> [Task instructions] Wherever a line in the data below holds "Printed", copy that line.

BEGIN Data records

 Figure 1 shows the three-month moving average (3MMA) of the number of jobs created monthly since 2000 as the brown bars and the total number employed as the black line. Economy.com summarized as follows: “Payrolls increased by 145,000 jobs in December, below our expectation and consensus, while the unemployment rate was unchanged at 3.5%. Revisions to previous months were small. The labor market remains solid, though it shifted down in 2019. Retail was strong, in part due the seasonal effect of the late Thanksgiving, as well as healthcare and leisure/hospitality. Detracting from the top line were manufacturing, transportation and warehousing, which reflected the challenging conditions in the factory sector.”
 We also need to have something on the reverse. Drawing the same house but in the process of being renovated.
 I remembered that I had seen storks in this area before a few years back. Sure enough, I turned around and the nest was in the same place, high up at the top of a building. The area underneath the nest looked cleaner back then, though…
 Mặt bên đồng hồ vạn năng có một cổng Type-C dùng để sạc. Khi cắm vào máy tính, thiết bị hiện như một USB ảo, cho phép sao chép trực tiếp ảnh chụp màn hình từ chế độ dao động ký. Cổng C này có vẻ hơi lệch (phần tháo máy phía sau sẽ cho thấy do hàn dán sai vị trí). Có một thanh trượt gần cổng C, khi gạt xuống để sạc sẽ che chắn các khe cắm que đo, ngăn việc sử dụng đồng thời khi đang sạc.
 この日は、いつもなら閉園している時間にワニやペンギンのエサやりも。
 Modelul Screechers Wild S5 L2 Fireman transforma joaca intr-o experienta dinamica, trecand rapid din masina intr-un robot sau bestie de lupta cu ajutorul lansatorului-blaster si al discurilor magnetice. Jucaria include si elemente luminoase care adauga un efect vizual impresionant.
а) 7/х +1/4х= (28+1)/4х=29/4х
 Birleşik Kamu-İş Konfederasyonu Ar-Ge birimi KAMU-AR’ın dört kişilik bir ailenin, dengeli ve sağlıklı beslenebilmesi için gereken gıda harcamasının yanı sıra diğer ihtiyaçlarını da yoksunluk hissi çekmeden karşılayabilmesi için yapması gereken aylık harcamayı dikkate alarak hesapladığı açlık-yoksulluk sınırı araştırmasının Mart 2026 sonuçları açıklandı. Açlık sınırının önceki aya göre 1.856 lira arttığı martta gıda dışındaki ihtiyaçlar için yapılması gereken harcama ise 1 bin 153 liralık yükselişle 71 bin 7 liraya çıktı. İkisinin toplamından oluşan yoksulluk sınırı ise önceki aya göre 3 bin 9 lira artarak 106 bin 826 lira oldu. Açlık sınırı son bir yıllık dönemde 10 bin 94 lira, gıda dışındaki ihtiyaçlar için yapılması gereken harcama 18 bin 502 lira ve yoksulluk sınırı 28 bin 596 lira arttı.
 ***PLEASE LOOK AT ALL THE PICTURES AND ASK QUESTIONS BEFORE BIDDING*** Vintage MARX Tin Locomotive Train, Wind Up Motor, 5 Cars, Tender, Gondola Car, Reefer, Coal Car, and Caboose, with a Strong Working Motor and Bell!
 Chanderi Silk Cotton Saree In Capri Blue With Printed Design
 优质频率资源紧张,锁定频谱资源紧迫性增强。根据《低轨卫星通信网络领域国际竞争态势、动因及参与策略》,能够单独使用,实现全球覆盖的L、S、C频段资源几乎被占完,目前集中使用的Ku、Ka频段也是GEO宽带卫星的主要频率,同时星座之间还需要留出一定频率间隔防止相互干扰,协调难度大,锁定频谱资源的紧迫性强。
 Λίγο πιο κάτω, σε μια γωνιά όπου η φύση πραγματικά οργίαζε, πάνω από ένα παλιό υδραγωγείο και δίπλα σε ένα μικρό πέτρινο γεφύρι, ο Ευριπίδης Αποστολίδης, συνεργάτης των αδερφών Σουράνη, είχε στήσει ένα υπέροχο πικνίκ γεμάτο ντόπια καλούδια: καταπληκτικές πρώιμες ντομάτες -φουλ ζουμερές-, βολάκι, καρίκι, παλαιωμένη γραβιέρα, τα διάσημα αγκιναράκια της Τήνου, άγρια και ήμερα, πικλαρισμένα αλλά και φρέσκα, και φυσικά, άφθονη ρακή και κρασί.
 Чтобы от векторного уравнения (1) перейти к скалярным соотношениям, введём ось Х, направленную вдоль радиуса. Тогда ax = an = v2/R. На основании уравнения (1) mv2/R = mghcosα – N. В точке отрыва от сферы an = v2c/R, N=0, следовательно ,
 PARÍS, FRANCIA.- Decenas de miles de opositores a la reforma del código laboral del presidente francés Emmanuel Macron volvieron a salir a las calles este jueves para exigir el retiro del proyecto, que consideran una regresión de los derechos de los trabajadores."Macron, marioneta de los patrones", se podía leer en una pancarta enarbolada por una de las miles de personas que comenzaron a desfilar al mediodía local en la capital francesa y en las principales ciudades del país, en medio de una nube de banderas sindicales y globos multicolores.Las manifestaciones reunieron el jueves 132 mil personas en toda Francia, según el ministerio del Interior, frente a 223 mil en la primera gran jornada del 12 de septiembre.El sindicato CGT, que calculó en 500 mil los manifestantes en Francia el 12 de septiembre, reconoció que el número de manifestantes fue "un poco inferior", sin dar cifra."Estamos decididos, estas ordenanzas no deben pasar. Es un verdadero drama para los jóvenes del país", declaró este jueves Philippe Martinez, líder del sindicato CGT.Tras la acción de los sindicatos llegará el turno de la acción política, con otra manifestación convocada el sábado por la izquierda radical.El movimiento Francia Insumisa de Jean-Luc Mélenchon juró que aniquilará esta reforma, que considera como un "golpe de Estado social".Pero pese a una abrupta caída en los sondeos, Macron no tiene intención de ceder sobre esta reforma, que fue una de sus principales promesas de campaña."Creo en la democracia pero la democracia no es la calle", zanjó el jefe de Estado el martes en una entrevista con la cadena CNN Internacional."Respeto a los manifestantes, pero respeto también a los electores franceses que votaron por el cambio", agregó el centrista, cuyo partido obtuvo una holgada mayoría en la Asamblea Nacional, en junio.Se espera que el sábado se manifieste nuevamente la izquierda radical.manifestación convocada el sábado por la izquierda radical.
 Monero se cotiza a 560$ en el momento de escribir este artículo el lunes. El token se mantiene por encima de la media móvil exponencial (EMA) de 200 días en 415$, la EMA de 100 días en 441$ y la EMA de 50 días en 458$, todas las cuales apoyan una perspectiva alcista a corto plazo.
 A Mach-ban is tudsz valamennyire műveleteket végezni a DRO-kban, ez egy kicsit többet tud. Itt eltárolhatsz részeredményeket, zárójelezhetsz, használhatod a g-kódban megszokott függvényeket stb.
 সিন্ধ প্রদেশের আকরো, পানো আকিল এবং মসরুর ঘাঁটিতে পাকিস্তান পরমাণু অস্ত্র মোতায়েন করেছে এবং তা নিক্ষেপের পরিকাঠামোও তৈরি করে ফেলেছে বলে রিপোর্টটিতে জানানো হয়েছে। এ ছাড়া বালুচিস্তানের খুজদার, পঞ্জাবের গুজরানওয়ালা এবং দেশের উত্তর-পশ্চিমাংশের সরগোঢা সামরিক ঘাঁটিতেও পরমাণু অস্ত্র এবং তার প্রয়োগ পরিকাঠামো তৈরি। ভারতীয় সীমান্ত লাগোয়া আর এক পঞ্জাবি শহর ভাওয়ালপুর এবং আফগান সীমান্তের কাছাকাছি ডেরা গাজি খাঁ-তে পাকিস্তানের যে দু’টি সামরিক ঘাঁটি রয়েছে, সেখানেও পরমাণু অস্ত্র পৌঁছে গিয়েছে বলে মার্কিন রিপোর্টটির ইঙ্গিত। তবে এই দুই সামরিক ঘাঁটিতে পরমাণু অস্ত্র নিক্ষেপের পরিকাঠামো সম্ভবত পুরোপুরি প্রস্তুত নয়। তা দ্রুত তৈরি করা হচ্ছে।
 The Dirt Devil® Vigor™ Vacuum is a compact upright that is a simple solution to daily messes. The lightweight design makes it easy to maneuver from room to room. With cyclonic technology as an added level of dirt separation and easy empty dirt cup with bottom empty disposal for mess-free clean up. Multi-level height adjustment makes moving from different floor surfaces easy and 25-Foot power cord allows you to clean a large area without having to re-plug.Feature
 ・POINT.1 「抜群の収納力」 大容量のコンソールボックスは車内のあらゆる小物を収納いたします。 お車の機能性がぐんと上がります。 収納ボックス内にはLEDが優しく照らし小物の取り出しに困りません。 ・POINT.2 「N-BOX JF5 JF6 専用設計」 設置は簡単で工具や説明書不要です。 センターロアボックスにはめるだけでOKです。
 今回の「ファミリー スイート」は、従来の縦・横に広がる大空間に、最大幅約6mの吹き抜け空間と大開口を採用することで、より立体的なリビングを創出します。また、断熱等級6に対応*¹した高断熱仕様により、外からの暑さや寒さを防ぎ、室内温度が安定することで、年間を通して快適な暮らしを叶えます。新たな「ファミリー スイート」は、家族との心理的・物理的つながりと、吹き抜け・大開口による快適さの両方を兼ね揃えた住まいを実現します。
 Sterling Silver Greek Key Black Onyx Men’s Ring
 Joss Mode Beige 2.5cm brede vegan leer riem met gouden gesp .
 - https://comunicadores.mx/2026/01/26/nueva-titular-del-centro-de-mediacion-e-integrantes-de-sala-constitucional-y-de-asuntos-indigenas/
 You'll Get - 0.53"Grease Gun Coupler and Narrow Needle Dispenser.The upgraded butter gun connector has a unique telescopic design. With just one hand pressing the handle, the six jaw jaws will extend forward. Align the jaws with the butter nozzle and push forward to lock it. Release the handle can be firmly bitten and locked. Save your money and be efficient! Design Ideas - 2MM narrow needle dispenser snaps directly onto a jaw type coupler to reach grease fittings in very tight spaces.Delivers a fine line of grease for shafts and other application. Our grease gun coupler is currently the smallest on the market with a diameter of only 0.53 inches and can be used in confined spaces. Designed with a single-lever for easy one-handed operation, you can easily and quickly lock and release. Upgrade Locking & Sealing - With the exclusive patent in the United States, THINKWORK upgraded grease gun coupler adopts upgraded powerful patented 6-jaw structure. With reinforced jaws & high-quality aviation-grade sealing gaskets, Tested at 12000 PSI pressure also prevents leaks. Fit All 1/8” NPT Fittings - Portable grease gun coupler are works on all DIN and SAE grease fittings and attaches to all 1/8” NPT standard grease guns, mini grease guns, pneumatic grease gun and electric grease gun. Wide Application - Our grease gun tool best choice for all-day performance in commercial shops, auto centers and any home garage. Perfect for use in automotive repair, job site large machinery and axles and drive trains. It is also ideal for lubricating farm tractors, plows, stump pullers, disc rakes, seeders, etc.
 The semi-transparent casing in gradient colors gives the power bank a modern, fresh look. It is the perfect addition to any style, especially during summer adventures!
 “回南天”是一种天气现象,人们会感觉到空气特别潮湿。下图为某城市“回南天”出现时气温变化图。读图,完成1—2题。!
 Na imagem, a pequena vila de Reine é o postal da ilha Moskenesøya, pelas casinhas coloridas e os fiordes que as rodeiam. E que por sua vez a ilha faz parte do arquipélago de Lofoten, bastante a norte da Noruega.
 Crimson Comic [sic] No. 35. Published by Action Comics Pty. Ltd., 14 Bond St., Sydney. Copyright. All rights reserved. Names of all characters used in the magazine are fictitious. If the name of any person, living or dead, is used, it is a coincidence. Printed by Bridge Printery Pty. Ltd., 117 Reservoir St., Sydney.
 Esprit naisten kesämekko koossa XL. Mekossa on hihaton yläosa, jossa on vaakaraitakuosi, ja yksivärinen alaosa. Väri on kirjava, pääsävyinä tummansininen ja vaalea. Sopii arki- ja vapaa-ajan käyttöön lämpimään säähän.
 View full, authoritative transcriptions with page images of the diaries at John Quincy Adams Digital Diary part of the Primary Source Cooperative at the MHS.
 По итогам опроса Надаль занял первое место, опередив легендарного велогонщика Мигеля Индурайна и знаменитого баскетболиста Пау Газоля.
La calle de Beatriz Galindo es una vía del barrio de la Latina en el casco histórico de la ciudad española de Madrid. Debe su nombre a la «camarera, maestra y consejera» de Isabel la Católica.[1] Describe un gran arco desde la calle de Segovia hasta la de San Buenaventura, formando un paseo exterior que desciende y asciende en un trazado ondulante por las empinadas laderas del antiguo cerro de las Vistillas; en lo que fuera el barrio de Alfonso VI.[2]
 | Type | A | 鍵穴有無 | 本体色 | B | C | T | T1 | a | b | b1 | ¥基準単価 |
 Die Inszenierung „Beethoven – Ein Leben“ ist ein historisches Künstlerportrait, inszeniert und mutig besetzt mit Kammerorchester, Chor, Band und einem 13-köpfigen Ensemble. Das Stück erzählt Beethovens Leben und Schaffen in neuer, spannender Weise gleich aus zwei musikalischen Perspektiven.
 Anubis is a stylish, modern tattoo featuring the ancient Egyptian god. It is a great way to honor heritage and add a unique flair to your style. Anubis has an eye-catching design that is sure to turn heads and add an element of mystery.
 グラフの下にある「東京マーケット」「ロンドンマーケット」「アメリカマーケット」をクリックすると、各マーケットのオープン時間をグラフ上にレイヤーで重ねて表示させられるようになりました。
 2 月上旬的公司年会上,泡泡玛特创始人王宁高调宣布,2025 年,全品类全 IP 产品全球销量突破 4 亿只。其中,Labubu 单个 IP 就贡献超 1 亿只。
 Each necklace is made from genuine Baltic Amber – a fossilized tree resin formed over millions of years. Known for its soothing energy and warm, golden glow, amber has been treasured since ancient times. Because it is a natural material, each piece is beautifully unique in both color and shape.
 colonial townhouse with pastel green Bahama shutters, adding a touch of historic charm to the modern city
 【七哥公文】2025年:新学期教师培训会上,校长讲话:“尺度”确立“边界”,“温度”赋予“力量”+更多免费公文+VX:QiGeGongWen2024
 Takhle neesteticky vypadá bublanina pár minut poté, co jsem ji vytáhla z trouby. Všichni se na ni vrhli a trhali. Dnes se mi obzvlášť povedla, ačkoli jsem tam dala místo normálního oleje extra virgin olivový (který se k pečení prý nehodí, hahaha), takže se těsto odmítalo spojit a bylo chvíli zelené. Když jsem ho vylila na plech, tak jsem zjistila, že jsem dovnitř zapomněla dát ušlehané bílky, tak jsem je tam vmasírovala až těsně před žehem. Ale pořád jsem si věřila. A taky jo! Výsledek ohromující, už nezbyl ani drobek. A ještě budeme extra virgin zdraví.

END Data records

> [Exercise answer]
 Chanderi Silk Cotton Saree In Capri Blue With Printed Design
 Crimson Comic [sic] No. 35. Published by Action Comics Pty. Ltd., 14 Bond St., Sydney. Copyright. All rights reserved. Names of all characters used in the magazine are fictitious. If the name of any person, living or dead, is used, it is a coincidence. Printed by Bridge Printery Pty. Ltd., 117 Reservoir St., Sydney.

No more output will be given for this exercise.